Un sourire se dessina sur ses lèvres. "Intéressant."

"Monsieur Garcia, les gens cette nuit-là ne semblaient pas être des voyous ordinaires, mais Zoey les a gérés seule et..."

La voix d'Oliver baissa. "Et elle vous a recousu sans sourciller. Zoey n'est pas une personne ordinaire. Devons-nous vraiment rester en contact avec elle ?"

"Bien sûr." Un éclat espiègle apparut dans les yeux d'Alexander. "Après tout, elle est ma sauveuse."

Oliver frissonna à la lumière dangereuse dans les yeux d'Alexander.

Alexander venait à peine de rentrer au pays quand il fut pris en embuscade.
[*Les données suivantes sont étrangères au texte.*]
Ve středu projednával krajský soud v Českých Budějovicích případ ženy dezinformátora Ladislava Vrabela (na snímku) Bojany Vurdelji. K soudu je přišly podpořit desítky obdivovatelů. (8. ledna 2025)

Il eut la chance d'être sauvé, pour être retrouvé par ses hommes à côté d'une benne à ordures.

N'importe qui garderait une rancune à vie pour ça.
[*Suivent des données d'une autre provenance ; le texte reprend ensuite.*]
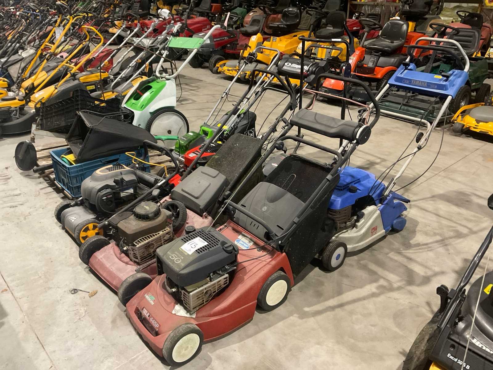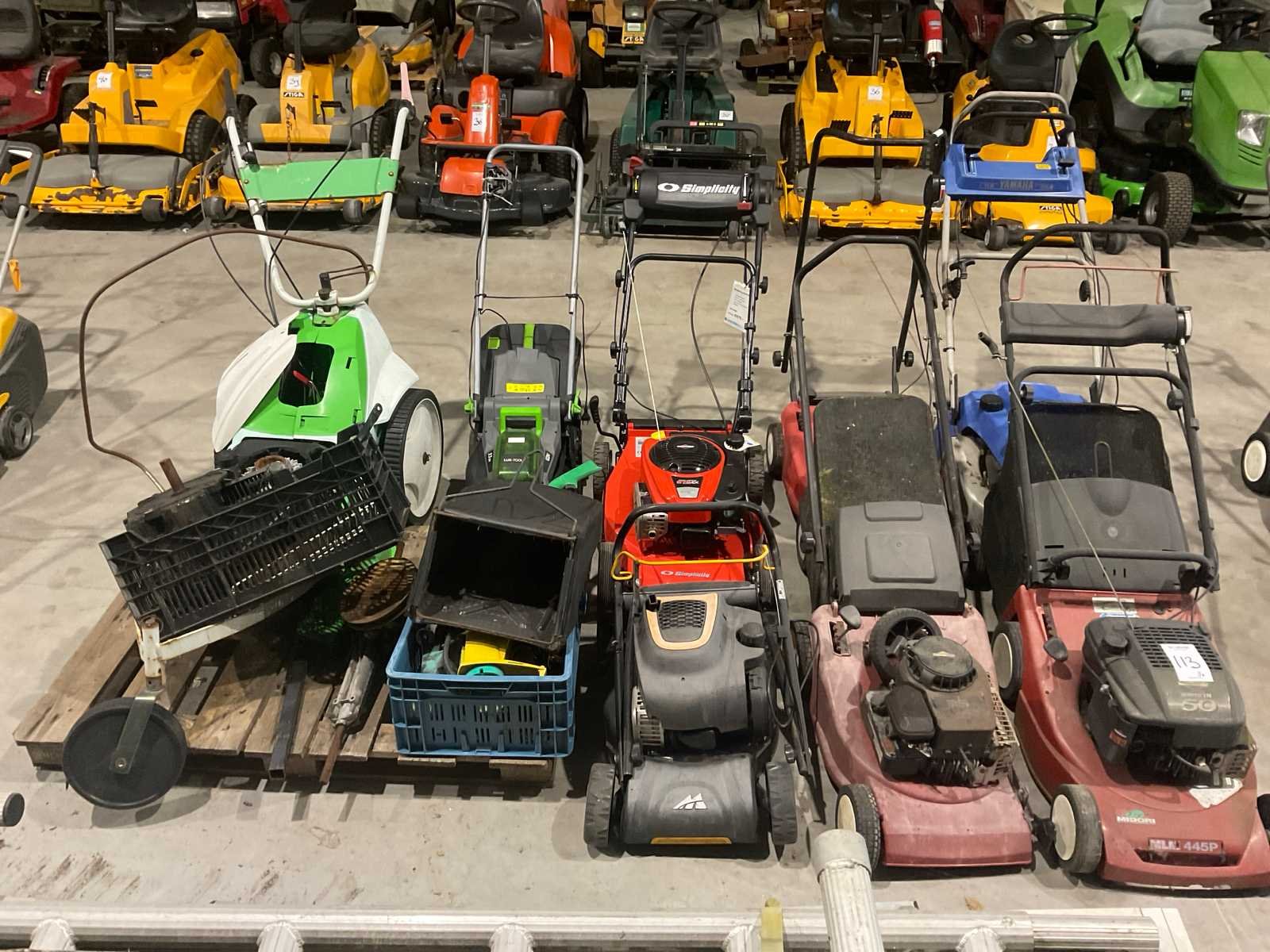 Diverse merken grasmaaiers waaronder Midori/Lux-Tools/Simplicity, deels zelfrijdend, deels met opvangbak. Betreffen inruilmachines. Benzinemotor: true Brandstof: Benzine

"Monsieur Alexander Garcia, à propos de Monsieur Finn Garcia..."

"Ferme-la." La voix d'Alexander était calme. "Je veux voir Zoey."

Oliver fut pris de court. "Maintenant ?"

"Oui, maintenant." Alexander se dirigea vers la porte, son manteau noir traînant derrière lui en un arc tranchant.

Oliver se souvint des yeux froids et glacials de Zoey sur les images de surveillance et eut soudain l'impression qu'elle ne serait pas facile à approcher.

L'entrée grandiose d'Alexander pourrait bien lui valoir un accueil glacial.

Heure du déjeuner, derrière l'école de médecine.

Zoey mordait dans un sandwich, son stylo notant rapidement des données expérimentales dans son cahier.

Soudain, plusieurs ombres bloquèrent la lumière.

"Zoey ?" Le chef faisait tournoyer une barre de métal. "Mon patron veut des explications."

Elle leva lentement les yeux, son regard indifférent derrière ses lunettes épaisses. "Qui est ton patron ?"

"Ne fais pas l'idiote !" La barre se balança vers sa tête. "Le motard que tu as sauvé il y a deux jours ! Il est mort !"

La barre s'arrêta à cinq pouces de sa tête.